Melodramma in due atti di Vincenzo Bellini su libretto di Felice Romani, tratto dal mélodrame di
Isidore J. S.Taylor Bertram, ou le Pirate, andato in scena a Parigi nel novembre 1826 a sua volta
ispirato alla tragedia in cinque atti Betram, or The Castle of Saint-Aldobrand di Charles Maturin
(1816). A causa di una lacuna nell’epistolario belliniano, non si sa quasi nulla della genesi del Pirata.

Ernesto, Duca di Caldora, partigiano della Casa d’Angiò – Baritono


Imogene, sua moglie – Soprano
Gualtiero, prima amante di Imogene, già Conte di Montalto e partigiano del re Manfredi, ora
fuoruscito e capo dei Pirati Aragonesi – Tenore
Itulbo, compagno di Gualtiero – Tenore
Goffredo, tutore un tempo di Gualtiero, ora Solitario – Basso
Adele, damigella di Imogene – Soprano
Un piccolo figlio di Imogene e di Ernesto (mimo)
Pescatori, pescatrici, pirati, cavalieri, dame e damigelle (coro e comparse)

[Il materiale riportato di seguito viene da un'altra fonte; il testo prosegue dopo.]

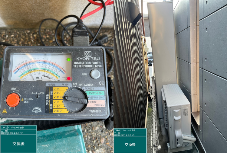 続いて新しいエコキュートのタンクとヒートポンプを運び入れて、それぞれに配管や配線を繋ぎ合わせます。

Bellini aveva vissuto in Sicilia e a Napoli per poi giungere a Milano il 12 aprile 1827, invitato da
Barbaia a scrivere per la Scala. Il pirata fu solo la sua seconda produzione professionale, e la sua
prima collaborazione con Felice Romani. Bellini ha impiegato più di sei mesi per scrivere l'opera, al
fine di impressionare il pubblico alla Scala. Con un cast eccellente che includeva:
- Giovanni Battista Rubini come Gualtiero
- Henriette Méric-Lalande come Imogene
- Antonio Tamburini come Ernesto
L'opera è stata ben accolta e Bellini è stato salutato come una nuova voce emozionale. Quando Rubini
e sua moglie, Adelaide Comelli-Rubini, cantarono nell'opera al San Carlo di Napoli nel 1828, il tenore
fu probabilmente responsabile di importanti modifiche apportate al finale.
Il pirata, con la sua trama fortemente romantica, conquistò ben presto il successo internazionale di
Bellini. L'opera andò in scena a Vienna al Kärntnertortheater (1828) con Rubini e sua moglie; a
Londra (la prima opera di Bellini ad esservi ascoltata) al King's Theatre (1830) con Donzelli, Méric-
Lalande e V.-F. Santini; a Parigi al Théâtre Italien (1832), con Rubini e Wilhelmine Schröder-
Devrient, che interpolavano un'aria dall'Amazilia di Pacini e insistevano per un lieto fine. Nel corso
del Novecento, Il pirata è stato ripreso a Roma nel 1935 in occasione del centenario della morte di
Bellini, mentre una produzione a Palermo nel gennaio 1958 è stata trasferita alla Scala a maggio,
quando il cast comprendeva Franco Corelli, Maria Callas ed Ettore Bastianini. A Firenze durante il
Maggio Musicale del 1967, il cast comprendeva Flaviano Labò e Montserrat Caballé.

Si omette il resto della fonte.